Ed altrettanto preme alla nostra Presidente del Consiglio non porsi in palese contraddizione con la
storica ed obbligata vocazione europea dell’Italia e, nel contempo – come su queste pagine è già
stato osservato – lasciarsi, un po’ per volta, assorbire dall’ onda trumpiana, quasi si trattasse
non di una scelta deliberata, ma, in definitiva, di un percorso necessariamente coerente all’
evoluzione dei rapporti di forza a livello internazionale.
Nell’ottica di quella competizione sino-americana che pretende, almeno secondo Trump, che ci si
schieri apertamente.
Meloni ha ottenuto che Trump venga a Roma, senza escludere che, nell’occasione, possa incontrare i
leader europei.
Nulla di sostanziale – Trump ha ribadito che vuole accordarsi con tutti, ma gli accordi intende
farli a modo suo – ma, in ogni caso, Giorgia Meloni ha messo il piede tra lo stipite e la porta per
evitare che venisse ancora una volta sbattuta in faccia all’ Europa, conservando, al contrario, uno
spiraglio di dialogo.
Onestamente non poteva fare di più. Ma neppure di meno.

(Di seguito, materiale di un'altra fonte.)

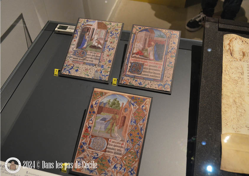 Celui qui est présenté reprend le chapitre concernant l’office des morts et il s’agit des reproductions d’enluminures que le visiteur pouvait apercevoir.
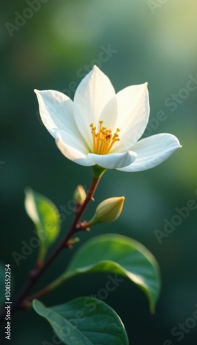 © saksayam, Fototapeta premium Delicate white petals unfolding on a slender branch, branches, leaves
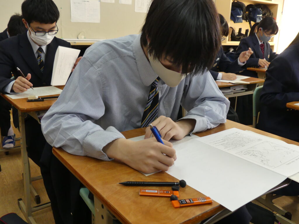 各学年とも今日は英語と社会科が行われ、3年生はそれに加え生物基礎が行われました。
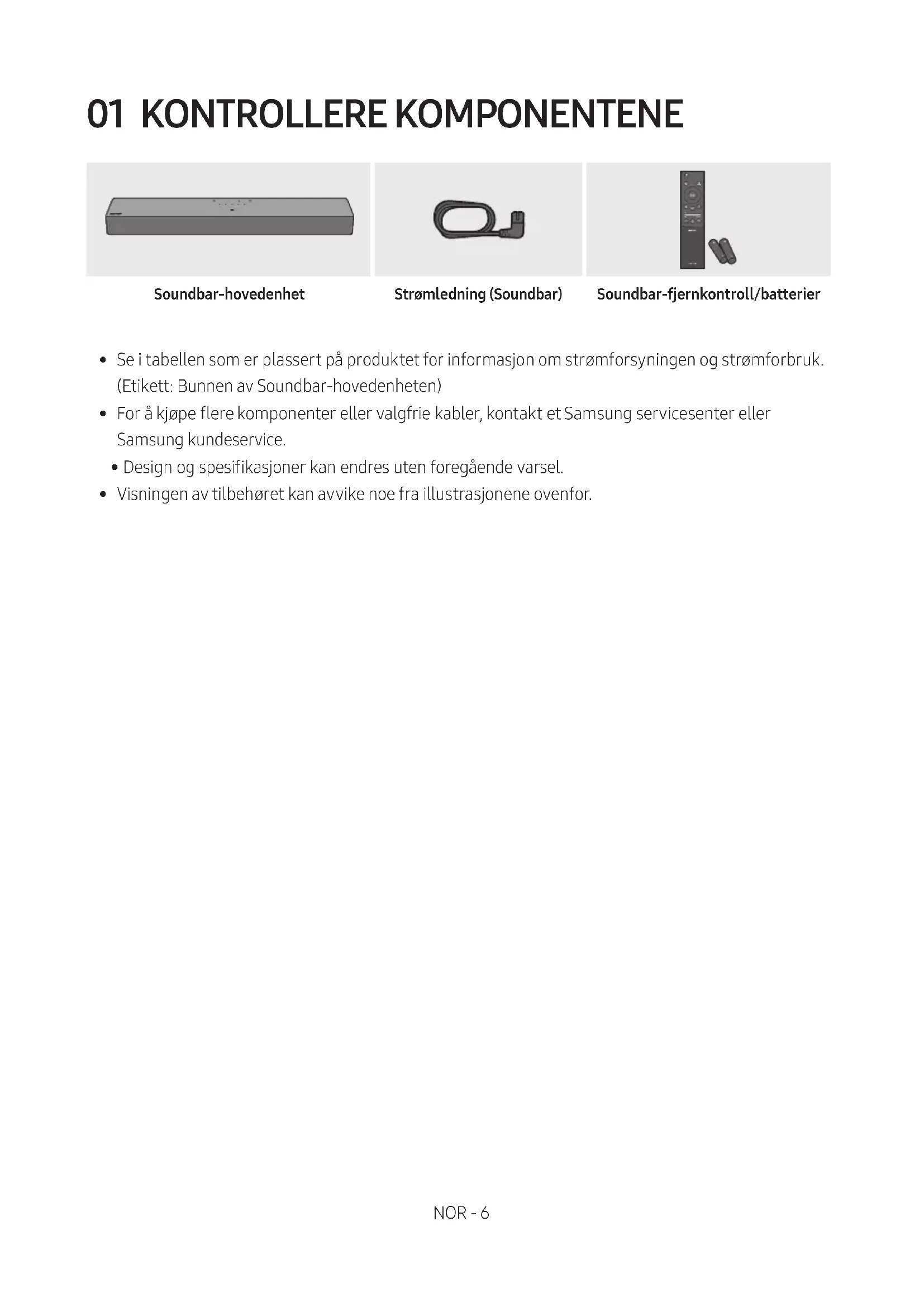 inneholder kjemikalier som er miljøskadelige. Ikke kast batteriene i restavfallet. Ikke kast batteriene i åpen ild. Ikke kortslutt, demonter eller overoppheter batteriene. FORSIKTIG : Det er fare for eksplosjon hvis batteriet ikke byttes ut riktig. Bytt det bare ut med samme eller tilsvarende type.NOR - 4 INNHOLD 01 Kontrollere komponentene 6 02 Produktoversikt 7 Toppanel på Soundbar

Ad ogni modo, ha tenuto il punto anche a proposito della consonanza politica – e qualcosa di più, si
potrebbe dire “ideologica” – con Trump e con il movimento eufemisticamente detto “conservatore”, in
effetti, sovranista, con le inferenze nazionaliste o populiste che ne derivano, per ogni dove del
mondo.
Ha lisciato per il verso del pelo la dottrina MAGA che ispira Trump, affermando che intende
concorrere a rendere più grande anche quell’Occidente che Ursula von der Leyen, troppo
precipitosamente, ritiene defunto una volta per tutte.

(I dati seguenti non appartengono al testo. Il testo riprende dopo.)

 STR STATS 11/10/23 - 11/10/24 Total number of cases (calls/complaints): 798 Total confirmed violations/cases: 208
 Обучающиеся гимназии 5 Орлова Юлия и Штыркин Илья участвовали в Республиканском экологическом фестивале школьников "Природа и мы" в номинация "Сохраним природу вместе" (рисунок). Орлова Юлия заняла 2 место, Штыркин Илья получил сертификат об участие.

Ma è soprattutto quella definizione che Giorgia Meloni dà di sé stessa, qualificandosi come
“nazionalista dell’ Occidente” che merita di essere approfondita.
Infatti, per quanto non appaia immediatamente di facile comprensione, sembra rappresentare la
sottile chiave di volta dell’effettivo pensiero e dell’ indirizzo strategico di Giorgia Meloni.